• Supplied records:
----

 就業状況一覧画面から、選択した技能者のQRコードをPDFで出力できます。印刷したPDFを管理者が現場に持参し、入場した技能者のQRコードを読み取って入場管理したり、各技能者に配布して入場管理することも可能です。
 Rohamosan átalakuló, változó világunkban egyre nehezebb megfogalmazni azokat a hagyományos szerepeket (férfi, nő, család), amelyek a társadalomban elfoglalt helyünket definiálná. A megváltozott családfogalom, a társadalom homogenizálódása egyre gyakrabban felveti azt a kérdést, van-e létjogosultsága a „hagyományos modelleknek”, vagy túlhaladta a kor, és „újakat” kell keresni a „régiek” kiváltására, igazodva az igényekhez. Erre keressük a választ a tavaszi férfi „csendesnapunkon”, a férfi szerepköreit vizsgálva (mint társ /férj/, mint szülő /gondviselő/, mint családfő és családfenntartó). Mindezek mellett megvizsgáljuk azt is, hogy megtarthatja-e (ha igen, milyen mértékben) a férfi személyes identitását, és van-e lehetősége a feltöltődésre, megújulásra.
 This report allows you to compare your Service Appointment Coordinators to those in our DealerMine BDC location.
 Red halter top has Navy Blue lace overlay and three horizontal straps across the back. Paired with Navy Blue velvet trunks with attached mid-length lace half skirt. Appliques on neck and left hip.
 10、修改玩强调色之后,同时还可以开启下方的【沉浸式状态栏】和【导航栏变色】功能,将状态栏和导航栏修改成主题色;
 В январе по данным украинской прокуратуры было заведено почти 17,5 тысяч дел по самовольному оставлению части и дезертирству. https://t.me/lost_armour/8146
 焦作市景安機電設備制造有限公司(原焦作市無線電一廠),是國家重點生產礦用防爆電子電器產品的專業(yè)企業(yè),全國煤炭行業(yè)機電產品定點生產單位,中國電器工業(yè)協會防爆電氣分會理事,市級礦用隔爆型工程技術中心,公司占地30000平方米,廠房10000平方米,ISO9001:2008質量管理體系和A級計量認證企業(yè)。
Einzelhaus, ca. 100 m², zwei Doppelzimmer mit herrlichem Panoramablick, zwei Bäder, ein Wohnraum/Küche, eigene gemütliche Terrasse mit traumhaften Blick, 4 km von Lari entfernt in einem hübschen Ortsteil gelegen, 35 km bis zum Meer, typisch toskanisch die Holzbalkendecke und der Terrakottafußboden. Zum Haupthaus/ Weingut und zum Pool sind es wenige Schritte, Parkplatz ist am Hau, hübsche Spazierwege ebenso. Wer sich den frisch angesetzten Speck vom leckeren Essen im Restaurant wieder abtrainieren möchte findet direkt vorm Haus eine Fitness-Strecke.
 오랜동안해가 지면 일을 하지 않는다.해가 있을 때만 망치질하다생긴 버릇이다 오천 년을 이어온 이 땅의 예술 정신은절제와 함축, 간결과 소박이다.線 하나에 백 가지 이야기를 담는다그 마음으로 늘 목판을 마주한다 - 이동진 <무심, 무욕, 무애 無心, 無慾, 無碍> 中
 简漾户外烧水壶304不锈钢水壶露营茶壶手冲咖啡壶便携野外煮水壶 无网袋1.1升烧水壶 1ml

----

Line by line, transcribe the material above exactly.

 就業状況一覧画面から、選択した技能者のQRコードをPDFで出力できます。印刷したPDFを管理者が現場に持参し、入場した技能者のQRコードを読み取って入場管理したり、各技能者に配布して入場管理することも可能です。
 Rohamosan átalakuló, változó világunkban egyre nehezebb megfogalmazni azokat a hagyományos szerepeket (férfi, nő, család), amelyek a társadalomban elfoglalt helyünket definiálná. A megváltozott családfogalom, a társadalom homogenizálódása egyre gyakrabban felveti azt a kérdést, van-e létjogosultsága a „hagyományos modelleknek”, vagy túlhaladta a kor, és „újakat” kell keresni a „régiek” kiváltására, igazodva az igényekhez. Erre keressük a választ a tavaszi férfi „csendesnapunkon”, a férfi szerepköreit vizsgálva (mint társ /férj/, mint szülő /gondviselő/, mint családfő és családfenntartó). Mindezek mellett megvizsgáljuk azt is, hogy megtarthatja-e (ha igen, milyen mértékben) a férfi személyes identitását, és van-e lehetősége a feltöltődésre, megújulásra.
 This report allows you to compare your Service Appointment Coordinators to those in our DealerMine BDC location.
 Red halter top has Navy Blue lace overlay and three horizontal straps across the back. Paired with Navy Blue velvet trunks with attached mid-length lace half skirt. Appliques on neck and left hip.
 10、修改玩强调色之后,同时还可以开启下方的【沉浸式状态栏】和【导航栏变色】功能,将状态栏和导航栏修改成主题色;
 В январе по данным украинской прокуратуры было заведено почти 17,5 тысяч дел по самовольному оставлению части и дезертирству. https://t.me/lost_armour/8146
 焦作市景安機電設備制造有限公司(原焦作市無線電一廠),是國家重點生產礦用防爆電子電器產品的專業(yè)企業(yè),全國煤炭行業(yè)機電產品定點生產單位,中國電器工業(yè)協會防爆電氣分會理事,市級礦用隔爆型工程技術中心,公司占地30000平方米,廠房10000平方米,ISO9001:2008質量管理體系和A級計量認證企業(yè)。
Einzelhaus, ca. 100 m², zwei Doppelzimmer mit herrlichem Panoramablick, zwei Bäder, ein Wohnraum/Küche, eigene gemütliche Terrasse mit traumhaften Blick, 4 km von Lari entfernt in einem hübschen Ortsteil gelegen, 35 km bis zum Meer, typisch toskanisch die Holzbalkendecke und der Terrakottafußboden. Zum Haupthaus/ Weingut und zum Pool sind es wenige Schritte, Parkplatz ist am Hau, hübsche Spazierwege ebenso. Wer sich den frisch angesetzten Speck vom leckeren Essen im Restaurant wieder abtrainieren möchte findet direkt vorm Haus eine Fitness-Strecke.
 오랜동안해가 지면 일을 하지 않는다.해가 있을 때만 망치질하다생긴 버릇이다 오천 년을 이어온 이 땅의 예술 정신은절제와 함축, 간결과 소박이다.線 하나에 백 가지 이야기를 담는다그 마음으로 늘 목판을 마주한다 - 이동진 <무심, 무욕, 무애 無心, 無慾, 無碍> 中
 简漾户外烧水壶304不锈钢水壶露营茶壶手冲咖啡壶便携野外煮水壶 无网袋1.1升烧水壶 1ml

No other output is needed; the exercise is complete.